470756 Visible Light Photocatalytic Degradation of Organic Pollutant Using N Doped TiO2 nanoparticles Synthesized By One Step Liquid Flame Aerosol Method (LFSP)

Tuesday, November 15, 2016: 1:00 PM
Peninsula (Hotel Nikko San Francisco)
Siva Nagi Reddy Inturi, Chemical Engineering Program, School of Energy, Environmental, Biological & Medical Engineering, University of Cincinnati, cincinnati, OH, Thirupathi Boningari, Chemical Engineering, University of Cincinnati, Cincinnati, OH, Makram Suidan, Engineering collage and Architecture, American university of beirut, beirut, Lebanon and Panagiotis Smirniotis, Chemical Engineering Program, School of Energy, Environmental, Biological and Medicinal Engineering, University of Cincinnati, Cincinnati, OH

Currently, there is a growing interest in the synthesis of nanomaterials. Nitrogen doped titanium dioxide is attracting a continuously increasing attention because of its potential as material for environmental photocatalysis. Conventional wet synthesis methods need multiple processing steps, high energy input and long processing times, In contrast, flame synthesis, especially liquid flame spray pyrolysis (LFSP), is a versatile one-step process for synthesizing a variety of anion doped nanoparticles.
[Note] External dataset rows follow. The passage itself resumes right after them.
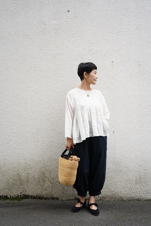 こちらは昨日のブラウスのご紹介の際に登場したスタイリングです。
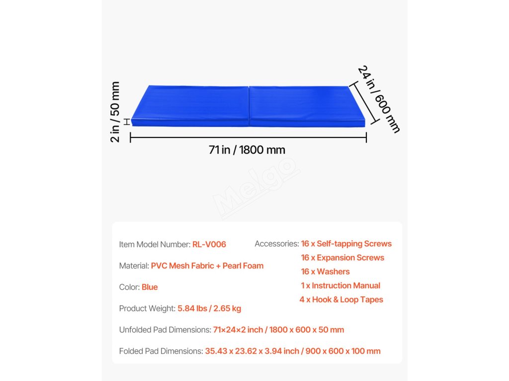 | Rozměry rozložené podložky | 71 x 24 x 2 palce / 1800 x 600 x 50 mm |
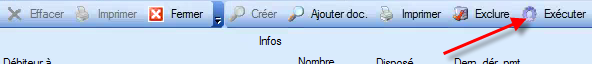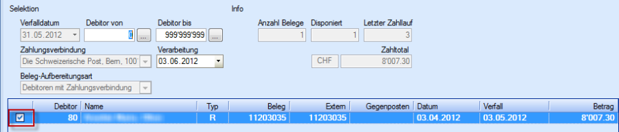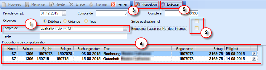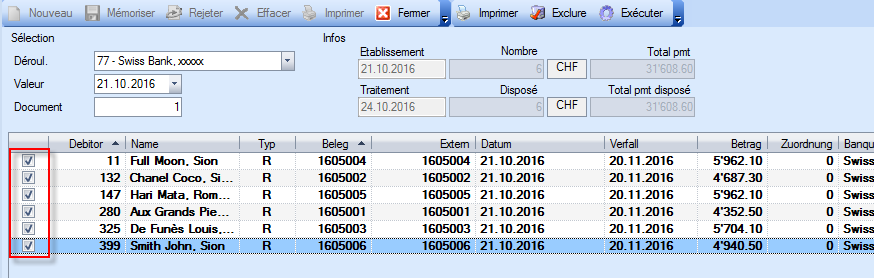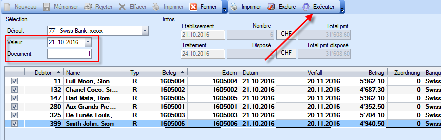 Quand seuls les débiteurs ayant leur compte débité sont encore sélectionnés, le déroulement peut être comptabilisé. La date de comptabilisation sera insérée dans Valeur et le numéro de comptabilisation sera inséré dans Document. Avec le bouton Exécuter, le déroulement sera définitivement comptabilisé dans la finance.
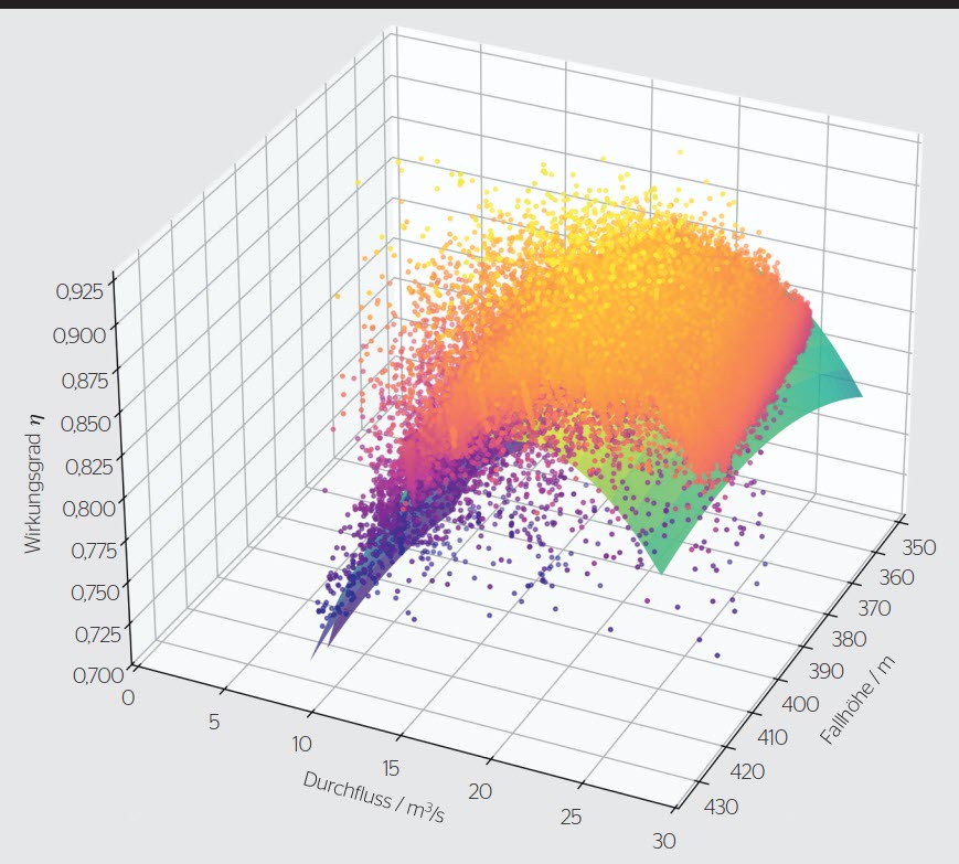 Die Effizienz einer Turbine im Betrieb wird vom Durchfluss und der Nettofallhöhe bestimmt. Da im KIDS Durchfluss, hydraulischer Druck und elektrische Leistung gespeichert werden, können Wirkungsgrade jeder Turbine oder Pumpe aus den Messdaten für alle im Betrieb aufgetretenen Arbeitspunkte berechnet werden. In Bild 2 sind Wirkungsgradwerte für die Arbeitspunkte von Turbine 2 im Zeitraum 2022 – 2024 dargestellt. Die Grenzen der Genauigkeit von Datenerhebung und Datenanalyse werden durch die wolkenförmige Verteilung der einzelnen Punkte sichtbar.

In the present work, we have developed a novel, inexpensive, green and highly reproducible method of the making the liquid precursor for the N incorporation in TiO2 by using the rapid LFSP method. A combination of various physico-chemical characterizations were performed. The photocatalytic activity and stability of the N-doped TiO2 samples were evaluated through using the decomposition of acetaldehyde as model reaction under visible light irradiation. Characterization results show that the nitrogen dopants have a significant effect on the crystallite size and optical absorption of TiO2. It is found that the N-doped TiO2 catalysts have enhanced absorption in the visible light region, and exhibit higher activity for photocatalytic degradation of VOCs. We have produced The UV-vis spectroscopy results of N incorporated TiO2 showed enhancement of light absorption in the visible range by selected composite materials in the UV range (250-400 nm). We have found the Ti/N ratio of 13% for the materials synthesized from our XPS data. These interesting results will be discussed in the presentation.